Over the weekend, Russian leaker(s) WZor once again proved their mettle by posting a new leaked Windows 10 build, the 64-bit only 10051, on the mail.ru website. Others rapidly took the leaked WIM file (stuffed in a RAR!) and turned it into an ISO for general consumption.
For the intrepid:
There's at least one other ISO floating around that claims to be build 10051, but its hashes don't match the verified ones here. The pedigree of that other ISO is unknown.
The build seemed reasonably stable in my tests, but there are clearly some very rough edges. Rumor has it that Microsoft will wait for build 10054 (or 10055?) to clear its internal testing cycle before releasing this latest manna to the masses — quite possibly later this week. Build 10051 is clearly only for people who are hell-bent on tearing into the new features. That said, the new features are intriguing.
If you want to install 10051 with a local account only, during the installation choose "This device belongs to me," then "Connect my account later." You'll be prompted for a local username and password.
The stars of this build: Mail and Calendar, which are different from (and superior to) the Mail and Calendar apps in Windows 8/8.1. Final naming has yet to be announced, but it would be in character for the shipping versions to carry the Outlook brand.
In Windows 10, Mail and Calendar are actually one app, with a single build number, in this case 17.3925.42001.0. The People app, which used to be chained to Windows 8.1 Mail and Calendar at the ankles and elbows, is now a freestanding app. In this leaked beta version, People doesn't launch; it's a toothless stub.
The new Mail explicitly supports Exchange, Office 365, IMAP, and Google accounts. POP, too — that in itself is a huge achievement, compared to Windows 8.1's Metro Mail app. Unfortunately, there's no commingled inbox. As you can see from Figure 1, you must select the account you wish to use, on the bottom left, before you can start working with that account's mail.
The giant column on the left can be shrunk by simply clicking on the hamburger icon.

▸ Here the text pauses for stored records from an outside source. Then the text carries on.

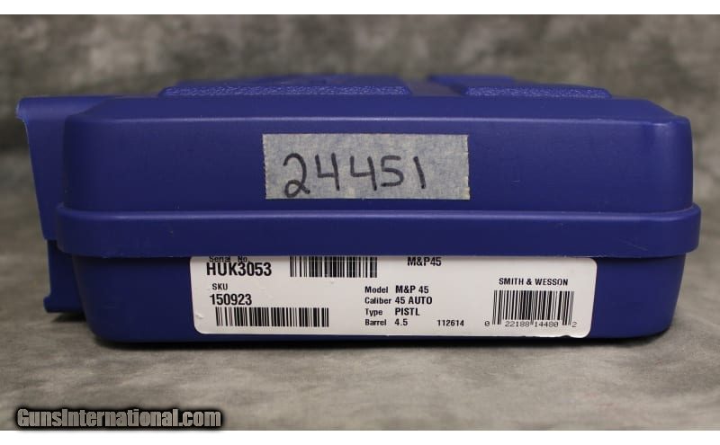 Description: Smith & Wesson M&P 45 with orginal box, 2 Magazines and backstraps in excellent conditon. .45 ACP SOLD Metal Condition: Excellent Bore Condition: Bright & Shiny Barrels: 4.5 Triggers: SA Sights: 3 White DOTS Item Location: Auburn Hills, MI |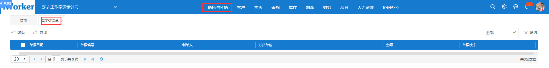 作为供货公司也可以【销售与分销-集团订货单】中查看所有集团订货单。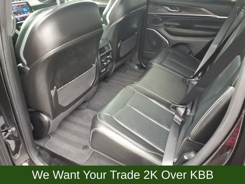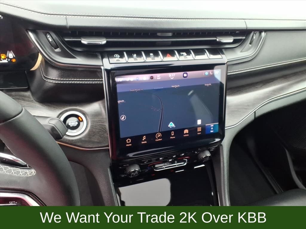 10 Speakers, 12-Way Power Adjust Driver Seat, 12-Way Power Adjust Front Passenger Seat, 2nd-Row Manual Window Shades, 4-Wheel Disc Brakes, 7 and 4-Pin Wiring Harness, ABS brakes, Active Driving Assist System, Adaptive suspension, ADV Protech Group III, Air Conditioning, Alloy wheels, AM/FM radio: SiriusXM with 360L, Anti-whiplash front head restraints, Audio memory, Auto High-beam Headlights, Auto-dimming door mirrors, Auto-dimming Rear-View mirror, Auto-leveling suspension, Automatic temperature control, Auxiliary Battery, Brake assist, Bumpers: body-color, Class IV Receiver Hitch, Compass, Delay-off headlights, Driver door bin, Driver vanity mirror, Dual front impact airbags, Dual front side impact airbags, Electronic Stability Control, Emergency communication system, Four wheel independent suspension, Front anti-roll bar, Front Bucket Seats, Front Center Armrest w/Storage, Front dual zone A/C, Front fog lights, Front reading lights, Fully automatic headlights, Garage door transmitter, Heads-Up Display, Heated door mirrors, Heated front seats, Heated rear seats, Heated steering wheel, Illuminated entry, Integrated Off-Road Camera, Intersection Collision Assist System, Knee airbag, Leather Wrapped Steering Wheel, Low tire pressure warning, Luxury Tech Group IV, Map-in-Cluster Display, Memory seat, Model Year Tracking, Nappa Leather Seats, Navigation System, Night Vision with Pedestrian-Animal Detection, Normal Duty Suspension, Occupant sensing airbag, Outside temperature display, Overhead airbag, Overhead console, Panic alarm, Passenger door bin, Passenger Seat Memory, Passenger vanity mirror, Power door mirrors, Power driver seat, Power Driver Seatback Massage, Power Front Passenger Seatback Massage, Power Liftgate, Power moonroof, Power passenger seat, Power steering, Power windows, Quick Order Package 23N, Radio data system, Radio: Uconnect 5 Nav with 10.1 Display, Rain sensing wipers, Rear anti-roll bar, Rear Back-Up Camera Washer, Rear reading lights, Rear seat center armrest, Rear window defroster, Rear window wiper, Rearview Autodim Digital Display Mirror, Remote keyless entry, Security system, Speed control, Speed-Sensitive Wipers, Split folding rear seat, Spoiler, Steering wheel memory, Steering wheel mounted audio controls, Surround View Camera System, Tachometer, Telescoping steering wheel, Tilt steering wheel, Traction control, Trailer Tow Package, Trip computer, Turn signal indicator mirrors, Variably intermittent wipers, Ventilated front seats, Voltmeter, Wheels: 20 x 8.5 Machined Face Aluminum, Windshield Wiper De-Icer, Wireless Charging Pad.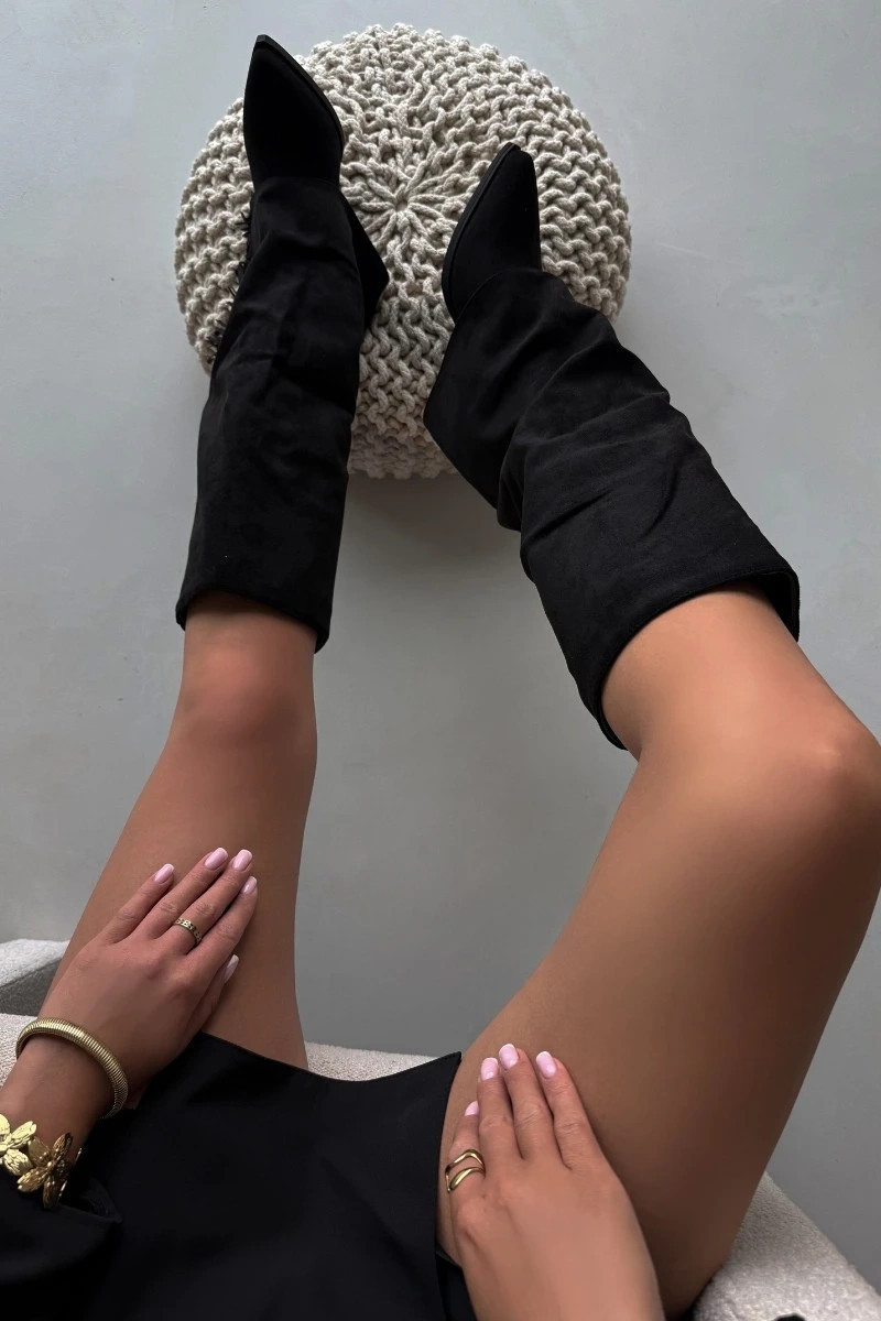 Nazouvací cowboyské boty z eko semiše na sloupkovém podpatku jsou kombinací pohodlí a stylu. Špičaté špičky dodávají eleganci a svršek zdobený třásněmi přináší lehký boho akcent. Ideální pro každodenní stylizace, skvěle se hodí k šatům, sukním a kalhotám, dodávající každému outfitu kousek kovbojského kouzla. Při výběru velikosti se řiďte tabulkou velikostí.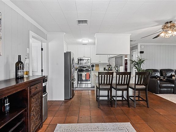 The home offers large secondary bedrooms, an updated hall bath, Saltillo-style tile flooring, light neutral interior paint, and a cozy wood-burning fireplace.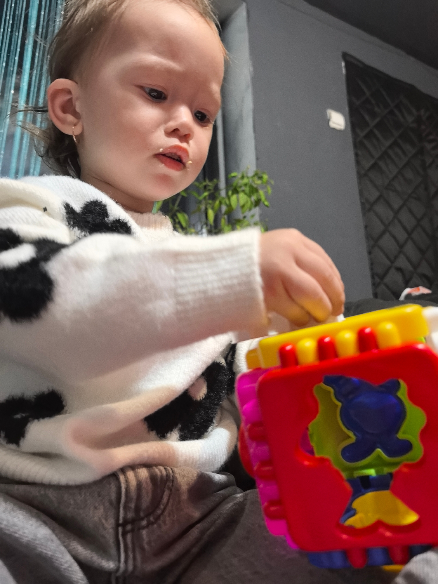 The scene depicts a young child indoors, located in Noviy, Russia. The child, with light brown hair and a small gold hoop earring in the left ear, is seen from the upper torso, wearing a white sweater…read more

See Figure 2.
It's easy to switch between Mail and Calendar by clicking or tapping on the corresponding icon on the left. (The Smiley face is for leaving feedback.)
The Options pane, accessed through the gear icon at the bottom on the left, holds the kind of eye candy that will appeal to some — a custom background picture, for example, that only shows up when you don't have any mail open. It also lets you set actions for swipe right (set flag by default) and swap right (delete by default). But it doesn't have any of the fundamental options (i.e., grouping, message display font) currently found in Windows 8.1's Metro Mail.